Mathematical Limitation of Bitcoin Issuance
Unlike gold and other resources, Bitcoin has a fixed maximum supply — exactly 21 million coins. This technical limitation makes it an “inexhaustible” treasure in the digital age. In contrast, gold continues to be mined in increasing amounts in response to market signals of rising prices. Wood emphasizes that issuance is what gives Bitcoin economic significance similar to precious metals, but with a technical guarantee of scarcity.
Why Bitcoin is Not Just a Copy of Gold
Historical cycles show minimal correlation between Bitcoin and gold, debunking the myth that crypto assets merely replicate the behavior of traditional assets. Cathy Wood stresses that Bitcoin develops according to its own dynamics, forming an independent trajectory in the market. This means that issuance is not just a technical feature but a fundamental economic property that potentially makes Bitcoin a more reliable store of capital compared to the fluctuations of traditional markets.

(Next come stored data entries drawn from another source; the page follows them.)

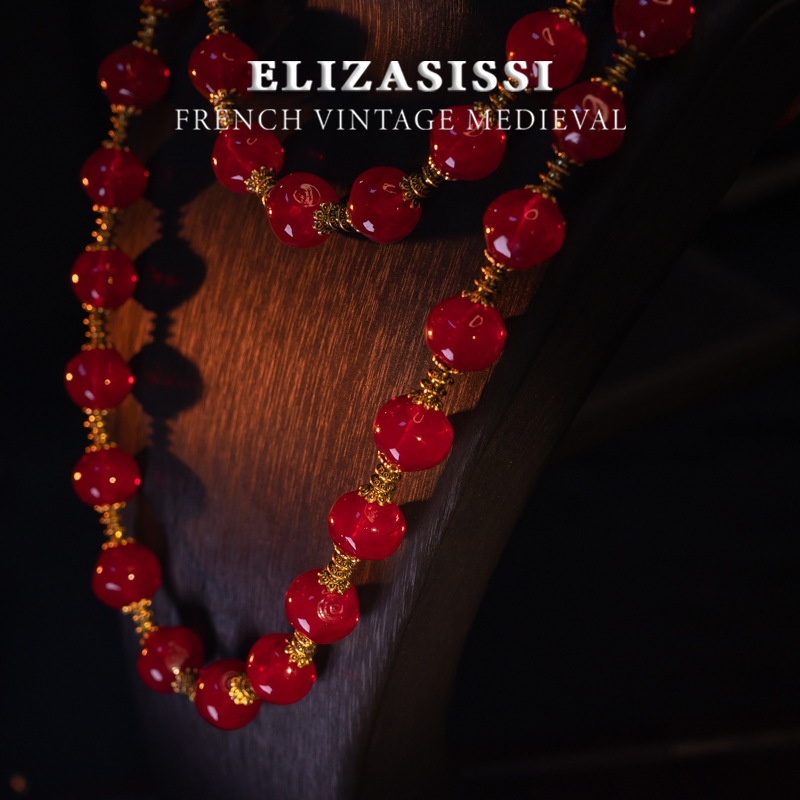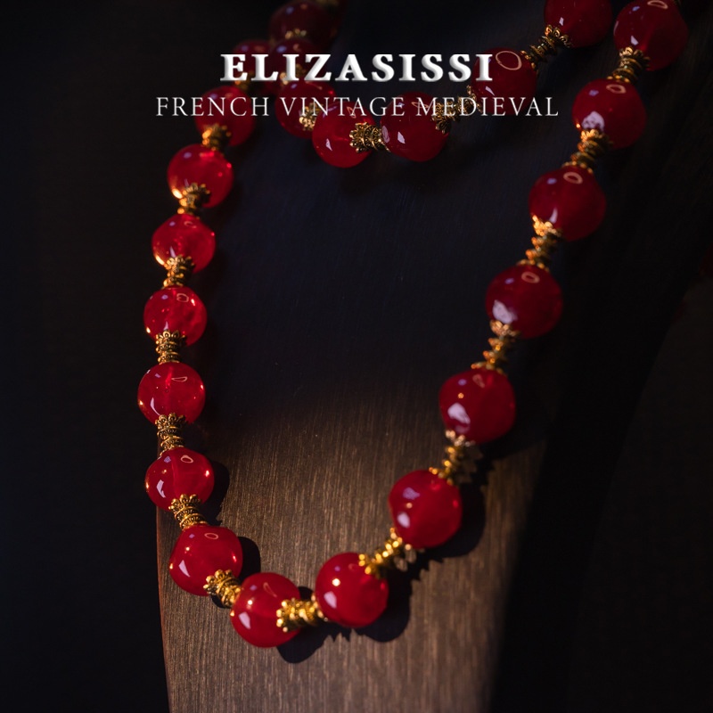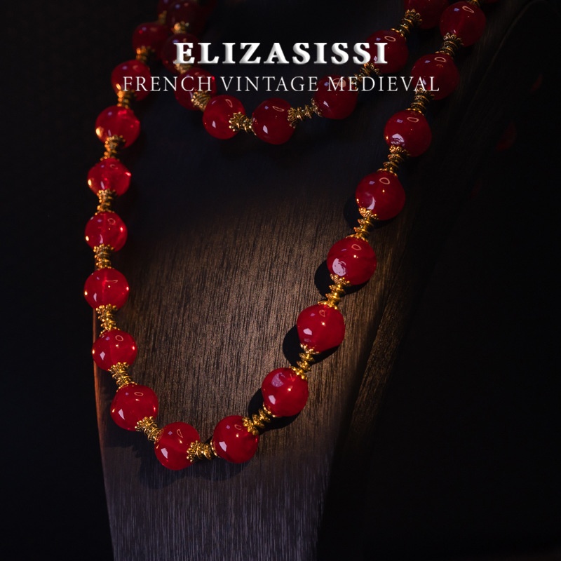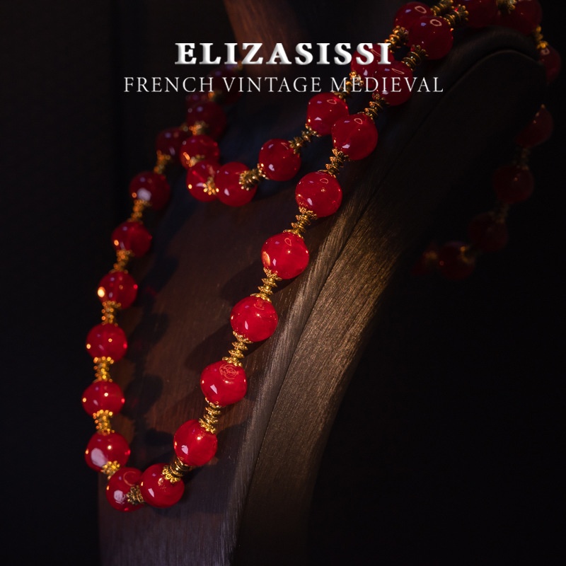 Qingdao Medieval Vintage Red Agate Round Beads Retro High Quality Versatile Autumn And Winter Sweater Chain Long And Short Necklace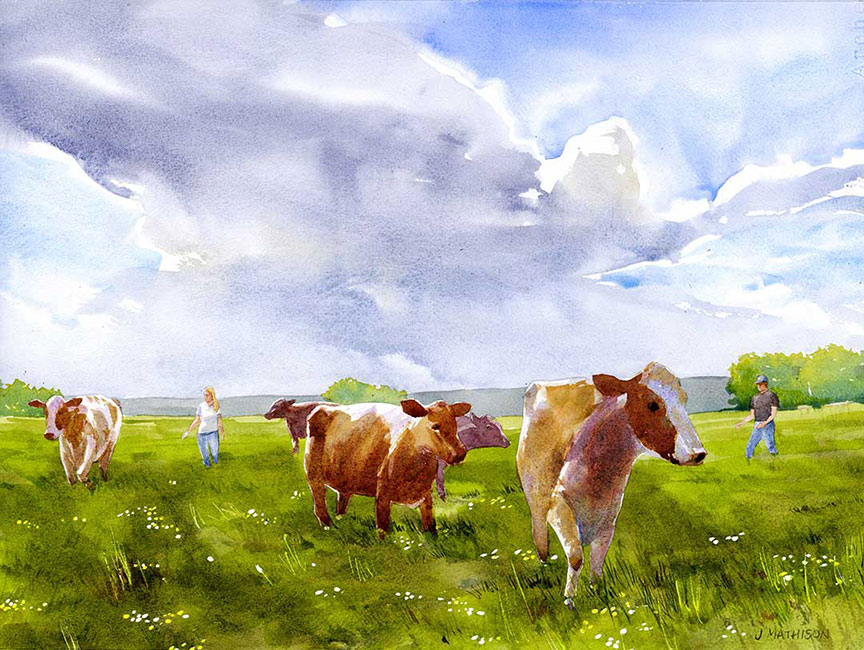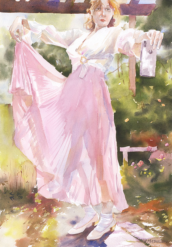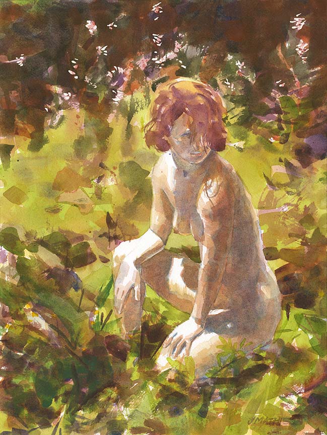 Watercolor! I love the way it flows on the paper, with a mind of its own. My best paintings combine my skill in controlling the paint, with the happy accident of colors mixing freely. My focus is on the human figure, often placed in harmony with natural settings. I also paint landscapes to capture fleeting moments of light. Here I'm sharing a selection of my notable images. The Figure Art and Landscape pages offer many more. The Portfolio page is an introduction to my personal journey through art. Enjoy!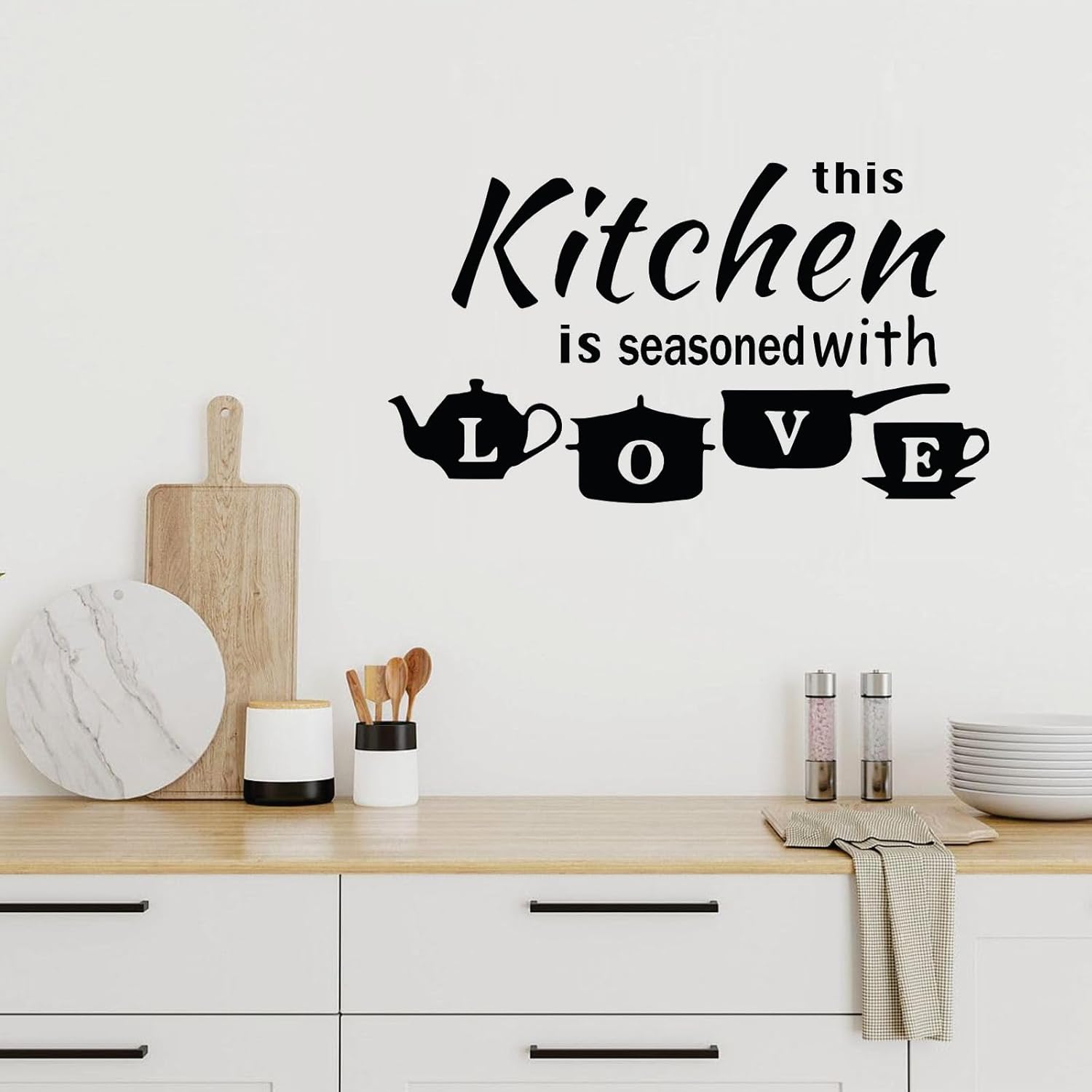 KREEPO This Kitchen is Seasoned with Love- Vinyl Wall Sticker Art for Cafe, Restaurants, Kitchen, Black
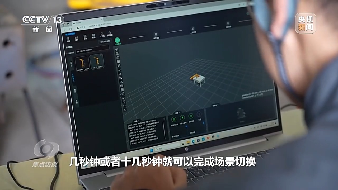 *智能機器人工程師 王晨光:*如果要換活兒或者換產線,那就需要人工去重新編程,最簡單的編程工作也需要花費半天或者一天的時間,還有調試,而繹焊機器人加持了人工智能,幾秒鐘或者十幾秒鐘就可以完成場景切換,能夠適應個性化的複雜生產場景。

Why This Will Matter for Future Generations
Wood’s core idea is that Bitcoin is an innovative means of accumulating and transferring wealth from one generation to the next. Unlike fiat currencies, which are subject to inflation, the limited issuance of Bitcoin ensures predictable value. She believes the narrative of Bitcoin as “digital gold” is only beginning to grow, as more market participants recognize its potential as an alternative hedge against systemic risks and inflationary pressures.